GIVEN DATA:
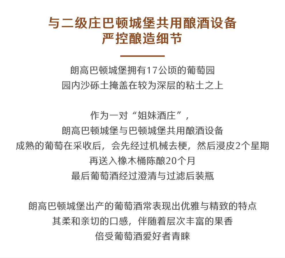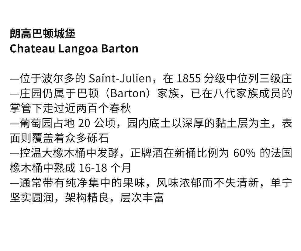 朗高巴顿城堡出产的葡萄酒常表现出优雅与精致的特点,其柔和亲切的口感,伴随着层次丰富的果香,倍受葡萄酒爱好者青睐。
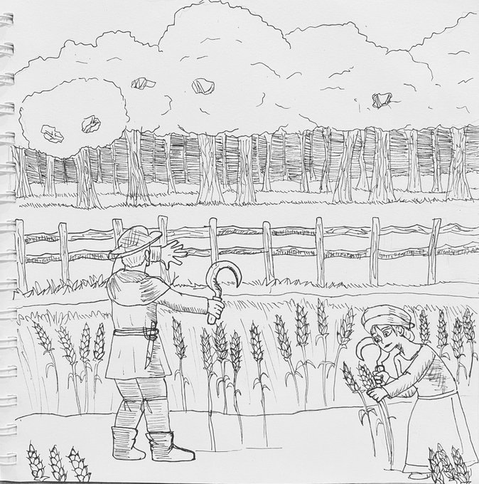 Inktober 2021 day 22 “peasant” The peasants who work near the Twilight Forest look into the woods with curiosity and dread. #medievalfantasy #drawing #inktober2021 #inktober
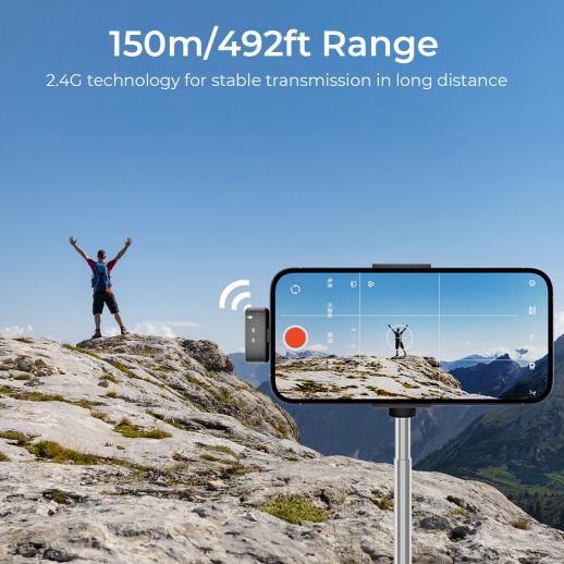 Vloggare och intervjuare på språng, fröjda dig! Vår trådlösa mikrofon ger ett högt, klart ljud med en räckvidd på 150 m, perfekt för utomhusinspelning. Du kan snabbt ställa in för att börja skapa innehåll och röra dig fritt utan begränsningar av kablar. Oavsett hur du spelar in, kommer vår wirelss rever mic alltid att överföra ditt ljud i realtid utan fördröjningar mellan ljud och grafik.
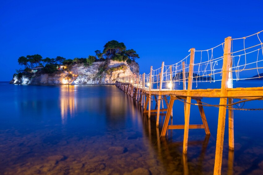 La isla de Cameo es uno de los lugares más exclusivos y fotografiados de Zante, un diminuto islote privado conectado a tierra firme por un puente de madera suspendido sobre aguas cristalinas. Situada en la bahía de Laganas, esta isla de forma artificial alberga un elegante club de playa que combina lujo discreto y belleza natural, lo que la convierte en un destino popular para aperitivos al atardecer y fiestas exclusivas.
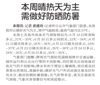 记者昨日从市气象部门获悉,本周我市以晴好天气为主,周中气温较高,最高气温可达37℃。(今日《郑州日报》1版)
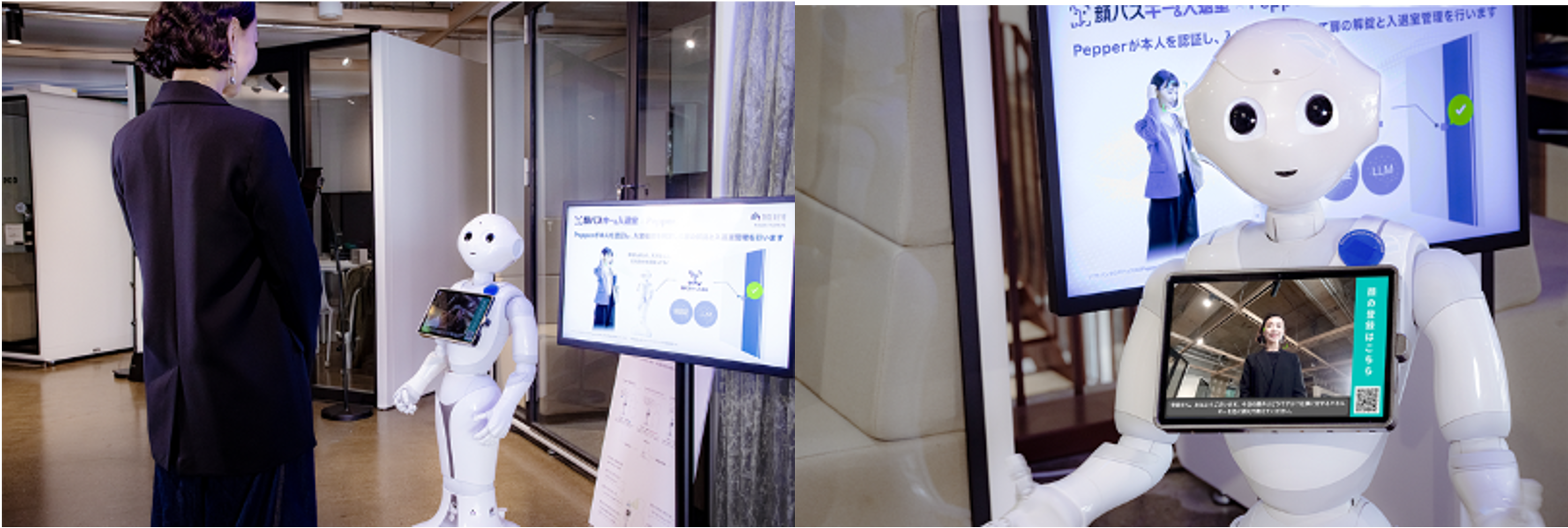 本ソリューションでは、企業のエントランスなどに設置された「Pepper+」が来訪者や社員の顔を認証し、認証結果に基づいた案内や受付対応を実行します。
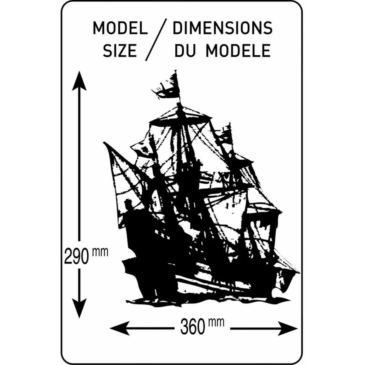 360mm (14″) long x 290mm (11.4″) tall when complete.
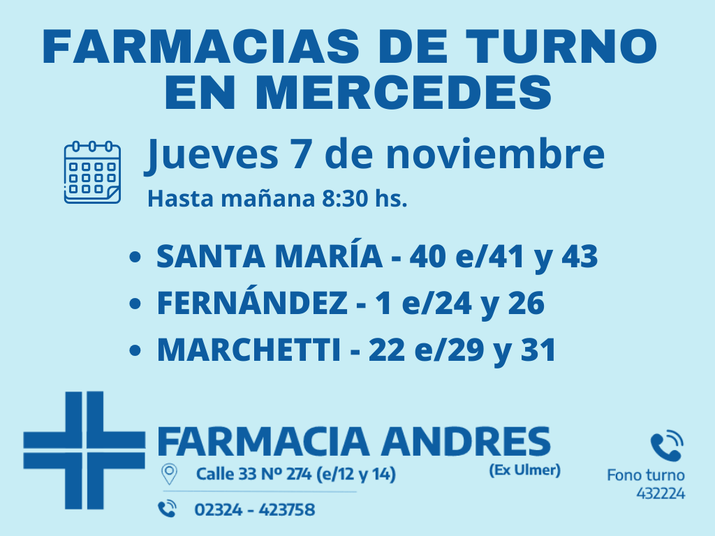 Desde las 8:30 del día de hoy hasta la misma hora de mañana, las farmacias de turno en Mercedes son: Andrés, González y Bocca.
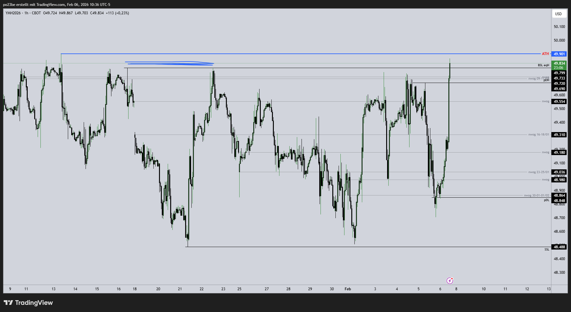 beim YM hatte ich vor einiger Zeit mal die equal highs bei 49799 erwähnt - die hat er sich heute geholt - vielleicht geht er noch auf 50k - das weiß ich nicht - beim ersten Shortzeichen würde ich den aber shorten - er wird auch unter 48488 kommen...
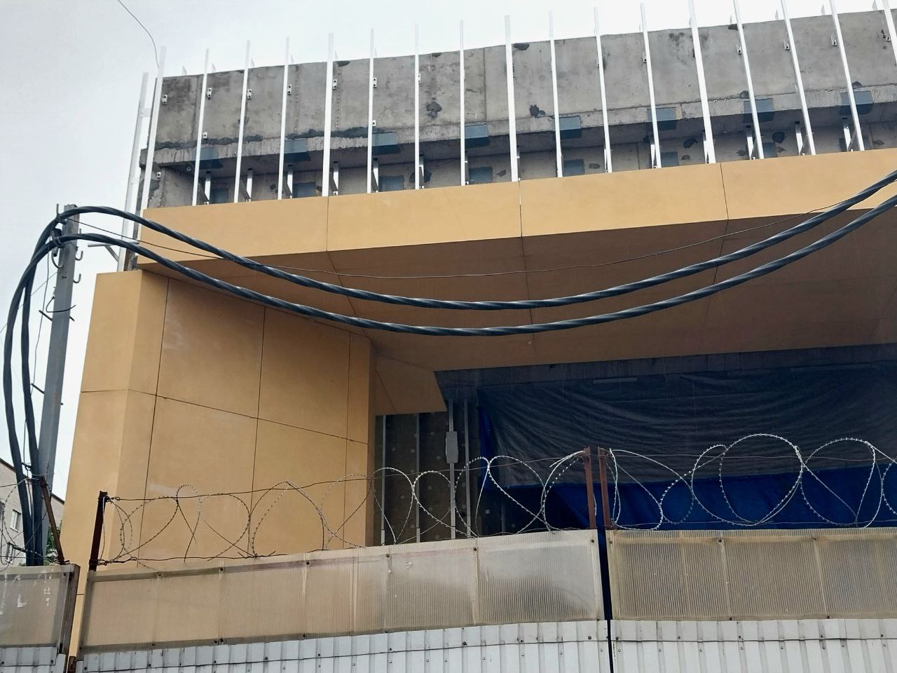 Не узнаю место. А синяя металлическая стенка демонтирована? Что за новая перегородка? И что означает стрелка и прямая линия на правой части стены?

WHAT TO WORK ON:
Omit every picture, and please return the entries exactly from the first line through the line with "Vloggare och intervjuare", both included.

ANSWER SPACE:
 朗高巴顿城堡出产的葡萄酒常表现出优雅与精致的特点,其柔和亲切的口感,伴随着层次丰富的果香,倍受葡萄酒爱好者青睐。
 Inktober 2021 day 22 “peasant” The peasants who work near the Twilight Forest look into the woods with curiosity and dread. #medievalfantasy #drawing #inktober2021 #inktober
 Vloggare och intervjuare på språng, fröjda dig! Vår trådlösa mikrofon ger ett högt, klart ljud med en räckvidd på 150 m, perfekt för utomhusinspelning. Du kan snabbt ställa in för att börja skapa innehåll och röra dig fritt utan begränsningar av kablar. Oavsett hur du spelar in, kommer vår wirelss rever mic alltid att överföra ditt ljud i realtid utan fördröjningar mellan ljud och grafik.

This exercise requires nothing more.